A DISABLED man living with muscular dystrophy has warned that London’s lack of specialist care could leave him “fighting for his life”.

Sulaiman Khan, of Spring Gardens, Woodford Green, requires 24-hour care to help him cope with effects of his genetic muscle-wasting condition.

Having muscular dystrophy and scoliosis means he is unable to walk, wash, dress or feed himself, and his weakened immune system makes him extremely vulnerable to chest infections, pneumonia and other illnesses.

Aside from the help of his eight carers, the 31-year-old’s care package only allows him appointments with specialist clinical nurses every six months.

In other parts of the country, NHS trusts employ expert care advisors who can bridge the gaps between those appointments, offering vital practical, mental health and community support.

In the south west of England, there are four expert care advisors for the 6,000 people living with muscle-wasting conditions like Sulaiman’s, three for 6,000 in Yorkshire, and three for 5,000 in the east midlands.

In London there are 9,000 people living with rare complex conditions like Sulaiman’s, but there are no expert care advisors at all.

Sulaiman said: “A care advisor is one person you can go to for anything and everything, who understands your condition and your history.

“Not having one means outside of my clinical appointments, there is no one to help me, which is extremely hard to cope with, as my health can deteriorate rapidly between those visits.

“I’m afraid being so dangerously ill without that specialised care could leave me fighting for my life.”

Sulaiman claims that although his GP can be very helpful, getting an appointment can take up to three days, by which time a chest infection could have left him unable to breathe.

He said: “Nationally care is pretty good, but at a local, community level it’s very patchy and inconsistent.

“I try to avoid going to my local A&E, because I have had some very bad experiences there in the past.

“In 2008 I caught pneumonia for the fifth time in 17 years and had to go to Whipps Cross Hospital.

“They didn’t seem to understand my needs or my condition at all, so now I see going there as a risk in itself.”

Sulaiman claims that over 15 days in the Leytonstone hospital’s intensive care unit, he developed vomiting and diarrhoea, was given oxygen that damaged his lungs, and when he asked to be turned over at 2am, was refused because “the ward sisters needed their rest”.

He added: “I’m aware that my care package is paid for by the tax payer and I am incredibly grateful, but expert care advisors are a necessity for people like me, not a luxury.

“We are the most vulnerable people in society – someone needs to say enough is enough.”

Sulaiman is working with Muscular Dystrophy UK to get three expert care advisors employed across central London’s major NHS trusts.

The charity’s director of campaigns, care and information Nic Bungay claims the “unacceptable” lack of care advisors is costing the NHS £10.1 million in emergency admissions every year.

He said: “This is an unacceptable situation.

“Hospitals waste vast sums on avoidable emergency care, while patients are left struggling alone until they are rushed to hospital, and suffer physical and psychological effects as a result.

“Funding for these key roles are vitally needed and we hope we can work with trusts to rectify the situation.”

He said a meeting with King’s College Hospital NHS Foundation Trust this week, has got things “moving in the right direction”.

Sulaiman added: “The mental health support of a care advisor alone is extremely important.

“Just having a condition like mine has a lot of mental health implications.

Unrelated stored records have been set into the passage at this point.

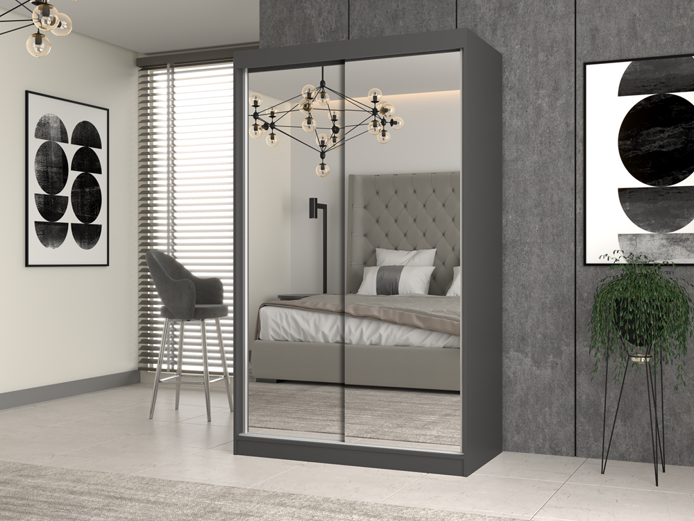 - szafa z przesuwnymi drzwiami na których znajdują się 2 duże lustra
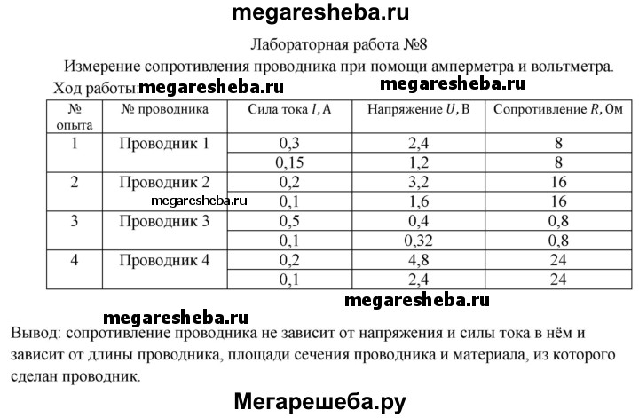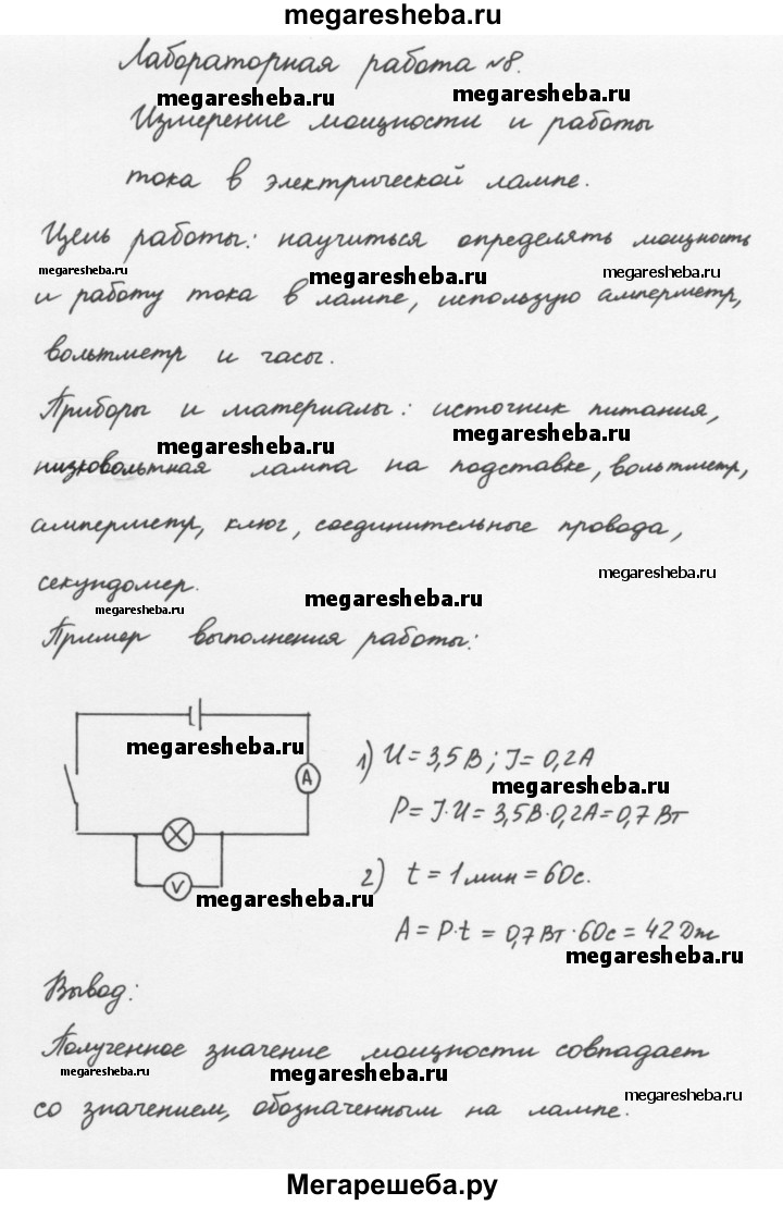 Подробный решебник (ГДЗ) по Физике за 8 (восьмой) класс - готовый ответ лабораторная работа - 8. Авторы учебника: Перышкин, Иванов, Базовый уровень. Издательство: Дрофа 2015-2024.
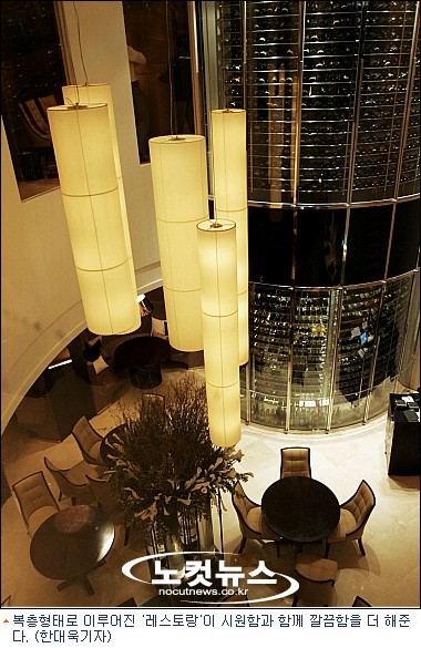 엘레베이터에서 내리자 여직원이 친절하게 맞이한다. 1:1 에스코트 서비스다. 직원의 안내로 ''씨네 드 쉐프''의 ''레스토랑''으로 들어섰다.
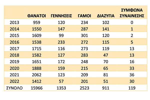 Αναλυτικά τα στοιχεία ανά έτος και ληξιαρχείο απεικονίζονται στους πίνακες που δημοσιεύουμε και αποτελούν προϊόν της επεξεργασίας την οποία κάναμε από τα επίσημα στοιχεία του Υπουργείου Εσωτερικών.
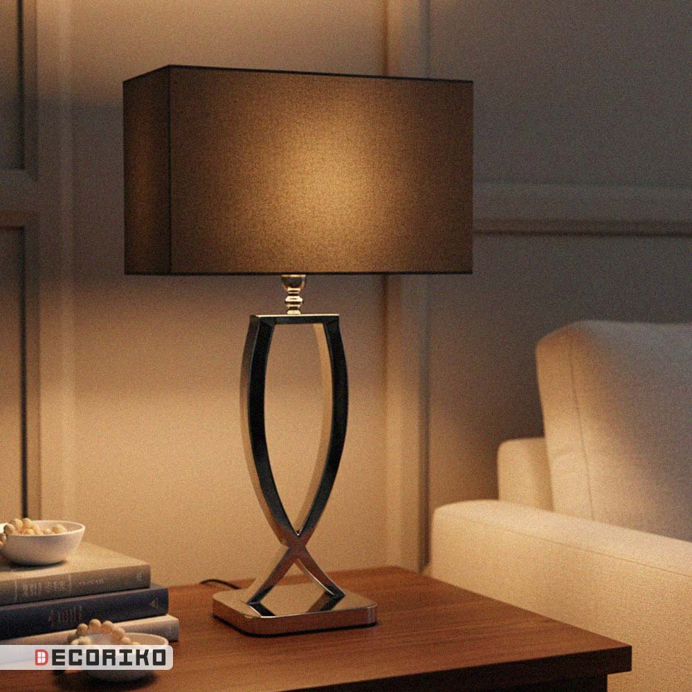 شید مستطیلی این آباژور، که با پارچه‌ای به رنگ تیره (مانند مشکی یا خاکستری سربی) هماهنگ شده، نوری گرم و متمرکز را به سمت بالا و پایین هدایت می‌کند و فضایی دنج و آرامش‌بخش می‌سازد. این آباژور برای قرارگیری روی میز کنسول، میز کنار مبلی در اتاق نشیمن یا به عنوان چراغ خواب روی میز پاتختی گزینه‌ای ایده‌آل است.
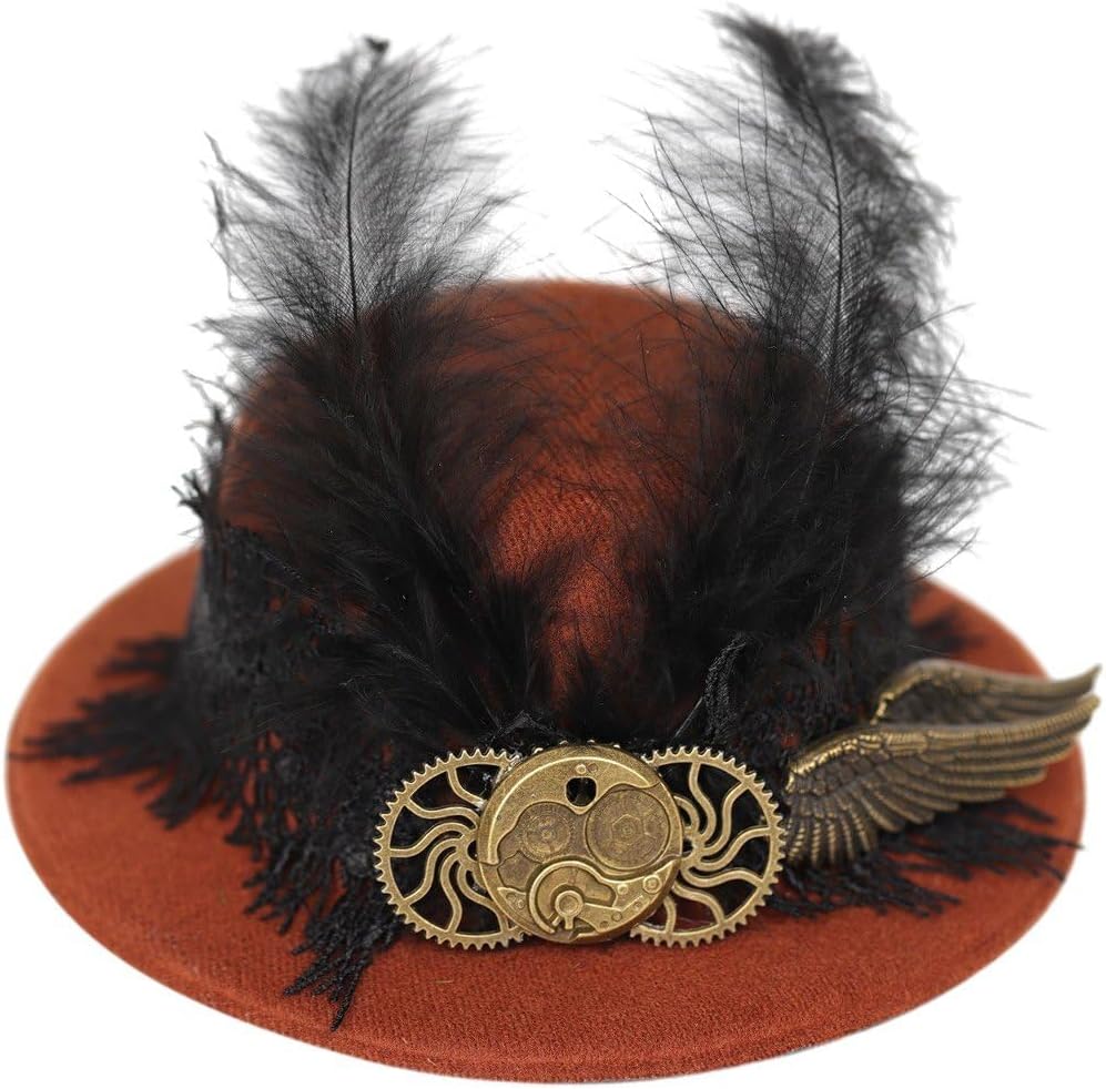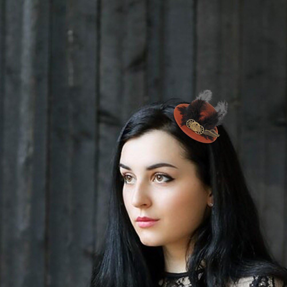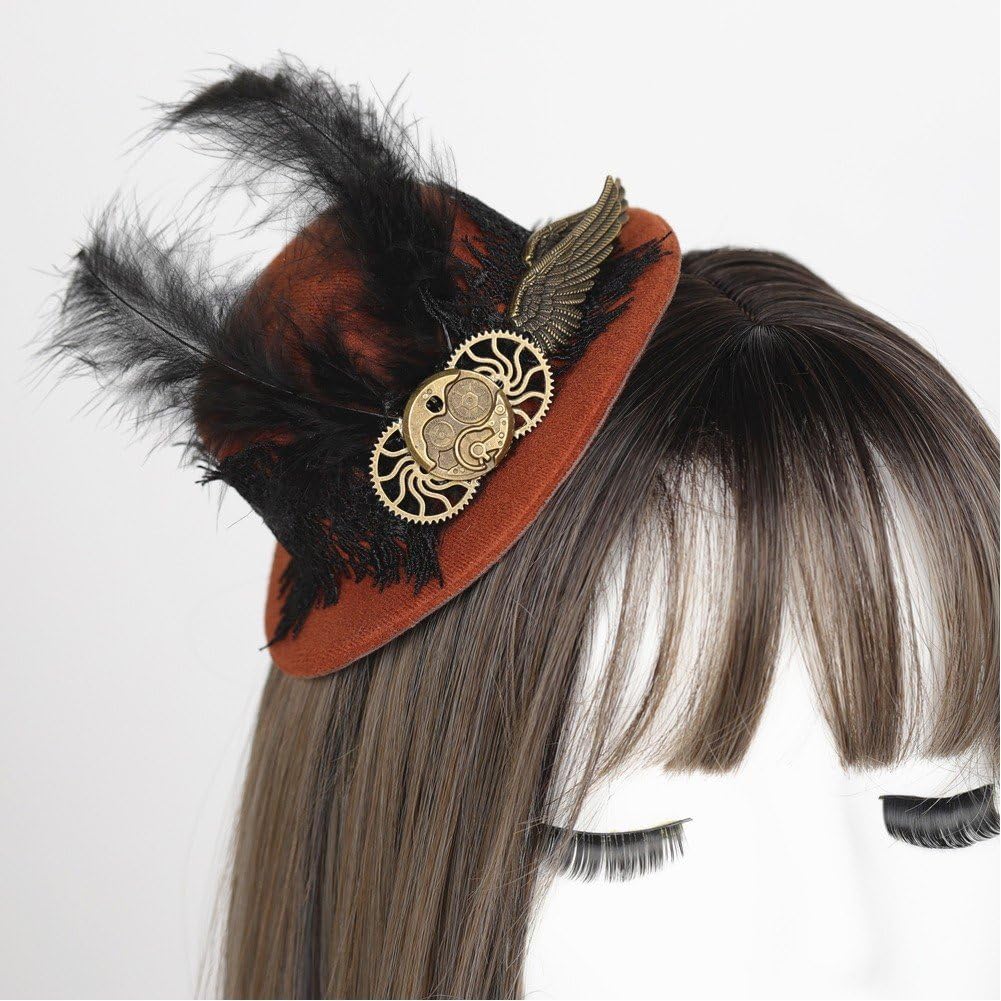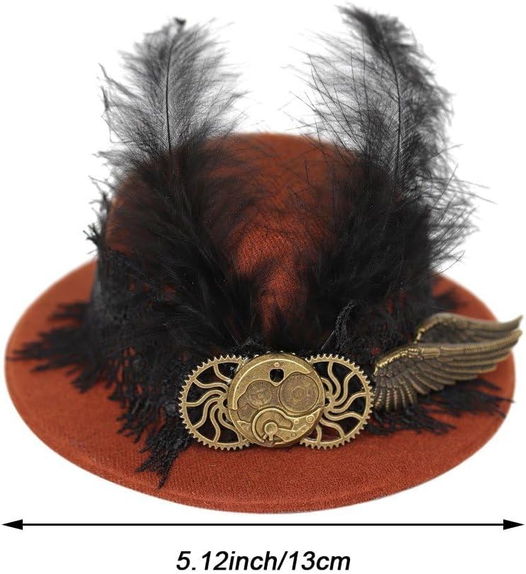 L'accessorio per costume mini cappello in stile vittoriano e le parti del cappello sono ben incollati e sono dotati di fermagli per incorporati che ti consentono di indossarlo senza scivolare . Cappello vintage gotico; Accessorio per copricapo mini topper steampunk occidentale. Cappello Steampunk in feltro, questo cappello è resistente e fresco, dotato di piume/ingranaggi. Abbina i tuoi abiti steampunk per un matrimonio steampunk, una festa in maschera di Capodanno, una festa a tema, un carnevale vintage, una buona scelta come regalo di Natale. Il cappello piccolo ti dà il look iconico, perfetto per i tea party o i temi del Cappellaio con gli accessori della Regina di Cuori
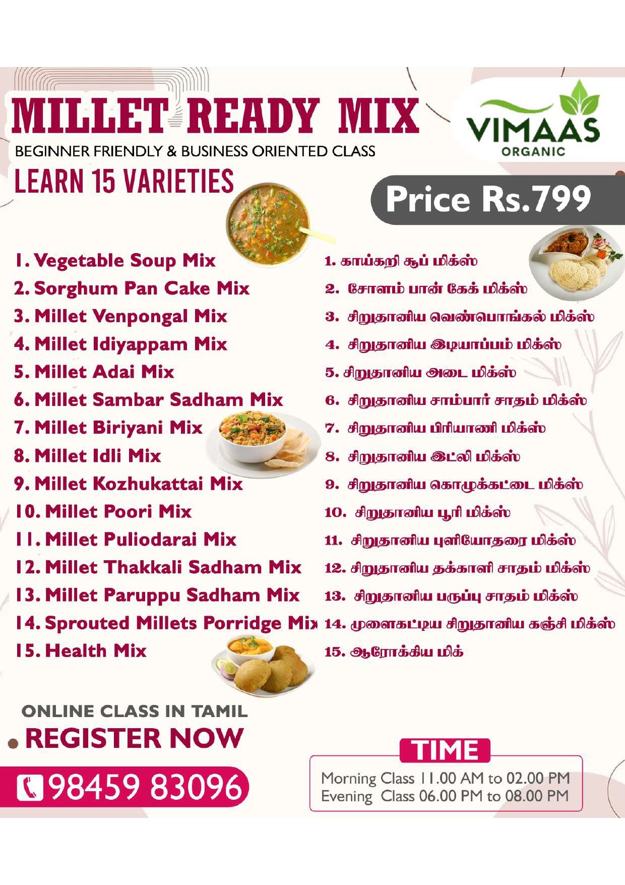 The Millet Ready Mix Class is designed for anyone seeking delicious, nutritious, and easy meal solutions. This ready mix offers a healthier alternative to traditional flours and mixes, featuring millets that are packed with essential nutrients like fiber, protein, and antioxidants to support your wellbeing.
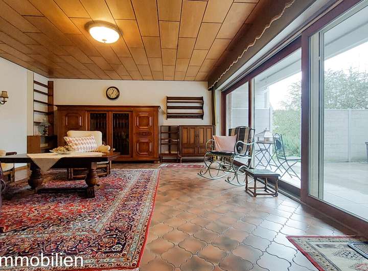 - großer Wohnbereich mit Zugang zur Terrasse und Garten
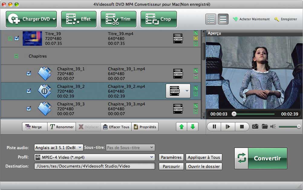 DVD MP4 Convertisseur pour Mac, Mac Convertisseur DVD MP4 parfait pour les utilisateurs de Mac, offre la meilleure solution pour convertir DVD en MP4 sur Mac pour tous les lecteurs MP4. Il peut également être utilisé pour convertir DVD en MP3, AAC, AIFF, M4A, etc.
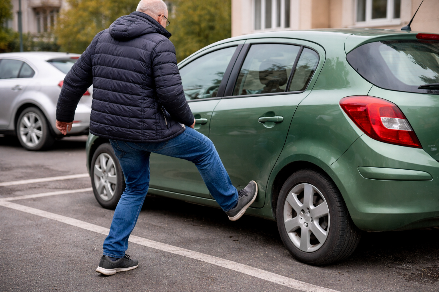 În aceeași zi, în jurul orei 16.50, bărbatul a observat pe imaginile surprinse de camerele de supraveghere că inculpatul se afla în apropierea autoturismului său. La un moment dat, acesta a lovit intenționat o singură dată cu piciorul portiera dreapta-spate a mașinii, declanșând alarma și provocând o zgârietură cu dimensiunea aproximativă de 10 cm x 6 cm.
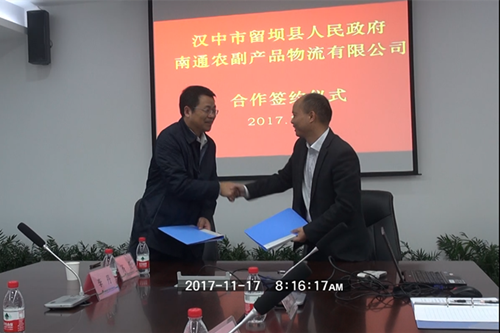 為推動漢中市與南通市之間農產品產銷銜接,讓南通漢中扶貧精準發力,把留壩地理標識等優質農產品引入南通市場,11月17日以留壩縣政府縣長馬宏偉為團長的考察團實地考察了通農物流,并與通農物流簽署合作框架協議書。
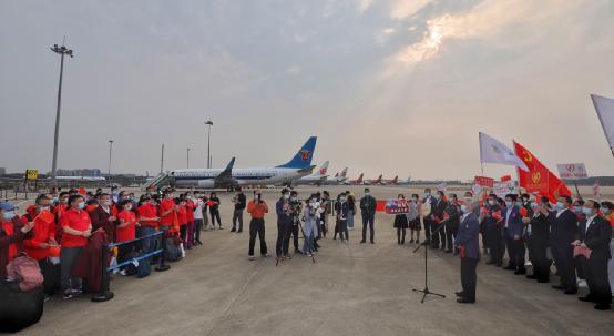 4月8日下午,廣東支援湖北醫療隊第二批重癥患者救治醫療隊57名隊員完成使命,從武漢乘專機順利抵粵。
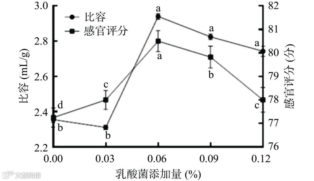2.4 乳酸菌粉添加量对多谷物杂粮面包比容和感官品质的影响
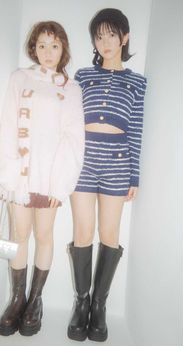 野口衣織、大谷映美里(=LOVE)。ar11月号より [野口]ニット¥7,990 /ジェイダ ルミネエスト新宿店 ベルト付きスカート¥7,920/アクレント ブーツ¥25,300/ル タロン(ル タロン 有楽町マルイ店) [大谷]ニット¥9,790/カルナムール スカート¥7,920/エモダ、ローファー¥19,580/ベクム(エモダ ルミネエスト新宿店) バッグ¥16,500/ダイアナ(ダイアナ 銀座本店) ソックス¥1,210/靴下屋(タビオ)
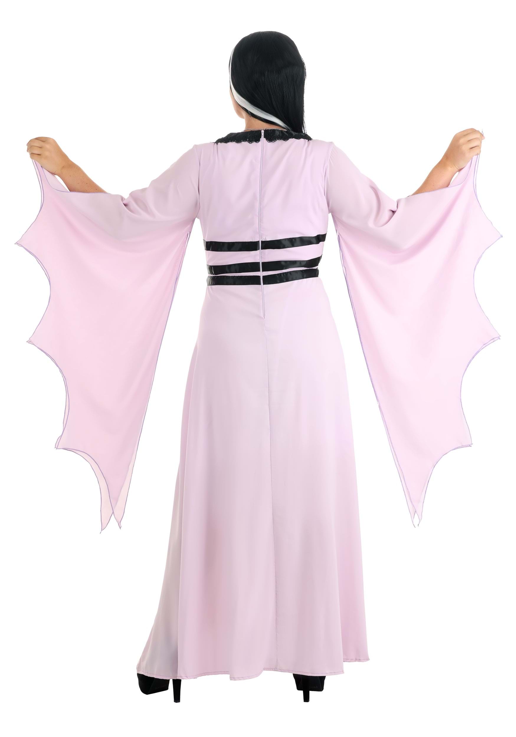 The Munsters Lily Costume helps you transform into the classic television character! The costume starts with a dress that's inspired by her outfit from the show. It features a square neckline and black satin accents in front and around the waist. Finally, the costume comes with a bat-shaped necklace to complete the look! Pair it up with our Lily Munster Wig (sold separately) and you'll be ready to play the role of your favorite Munsters character!
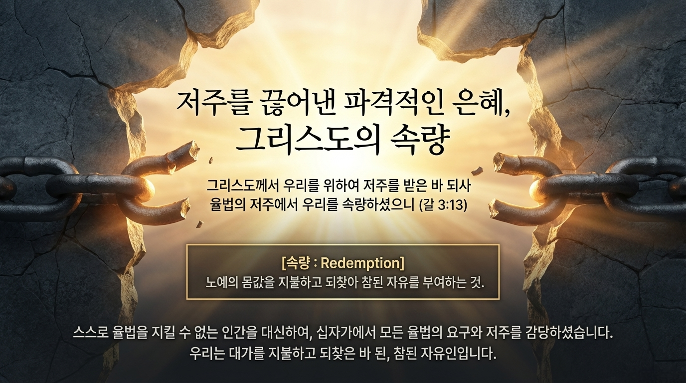 [성경본문] 갈라디아서3:10-14절 개역개정10. 무릇 율법 행위에 속한 자들은 저주 아래에 있나니 기록된 바 누구든지 율법 책에 기록된 대로 모든 일을 항상 행하지 아니하는 자는 저주 아래에 있는 자라 하였음이라 11. 또 하나님 앞에서 아무도 율법으로 말미암아 의롭게 되지 못할 것이 분명하니 이는 의인은 믿음으로 살리라 하였음이라 12. 율법은 믿음에서 난 것이 아니니 율법을 행하는 자는 그 가운데서 살리라 하였느니라 13. 그리스도께서 우리를 위하여 저주를 받은 바 되사 율법의 저주에서 우리를 속량하셨으니 기록된 바 나무에 달린 자마다 저주 아래에 있는 자라 하였음이라 14. 이는 그리스도 예수 안에서 아브라함의 복이 이방인에게 미치게 하고 또 우리로 하여금 믿음으로 말미암아 성령의 약속을 받게 하려 함이라
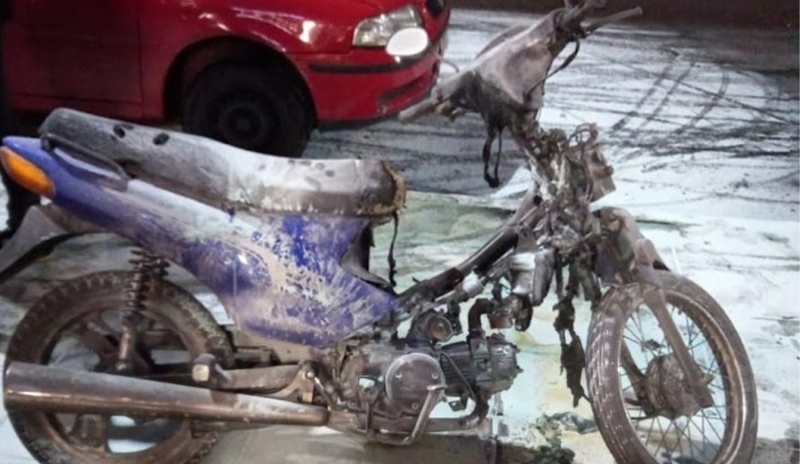 Según informaron fuentes policiales, luego del intento fallido de delinquir, con un repartidor que se defendió a las piñas, el ladrón se fue indignado por ver frustrado su ataque. En ese momento salió corriendo y prendió fuego una moto.
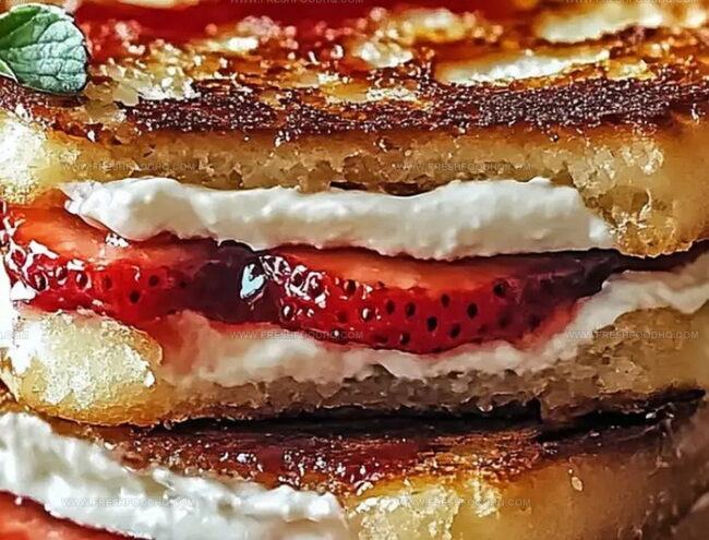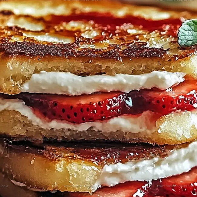 Crispy golden fried strawberry cheesecake sandwiches blend creamy indulgence with unexpected crunch. Sweet summer berries and rich cream cheese deliver a delightful dessert experience you won’t forget.

“After I graduated in 2012 it took me three years to find a job – that in itself was very depressing and frustrating.

“When I go out it’s hugely stressful when I can’t get into a bar or venue because of my wheelchair.

“I just want to live my life like any other person.”

A spokesman for Barts Health said: "We apologise to Mr Khan for the poor care he received at Whipps Cross Hospital in 2008. Since then we have made significant changes.

"We have put in place a local leadership team to quickly respond to any concerns raised and recruited more permanent nurses.

"Our teams will always strive to meet the wishes of patients and their families while ensuring that the care provided is safe and appropriate.

"We will continue working with Muscular Dystrophy UK to evaluate all options to provide the best care possible for our patients."

The Royal Free Hospital Trust said: "In the last few months, the Royal Free London has begun offering a service to muscular dystrophy  and other patients moving from children’s to the adult’s  service who require respiratory support. 

"These patients will be regularly reviewed by a specialist team who they can also contact for advice."

King’s College Hospital Trust added: "We recognise the need for enhanced support required by patients with muscular dystrophy, and we will be recruiting a Care Coordinator to help manage the clinical aspects of patient care.

"The Care Coordinator will act as a main point of contact for patients; providing extra support with booking outpatient appointments, co-ordinating tests and inpatient admissions, and signposting patients to other sources of support."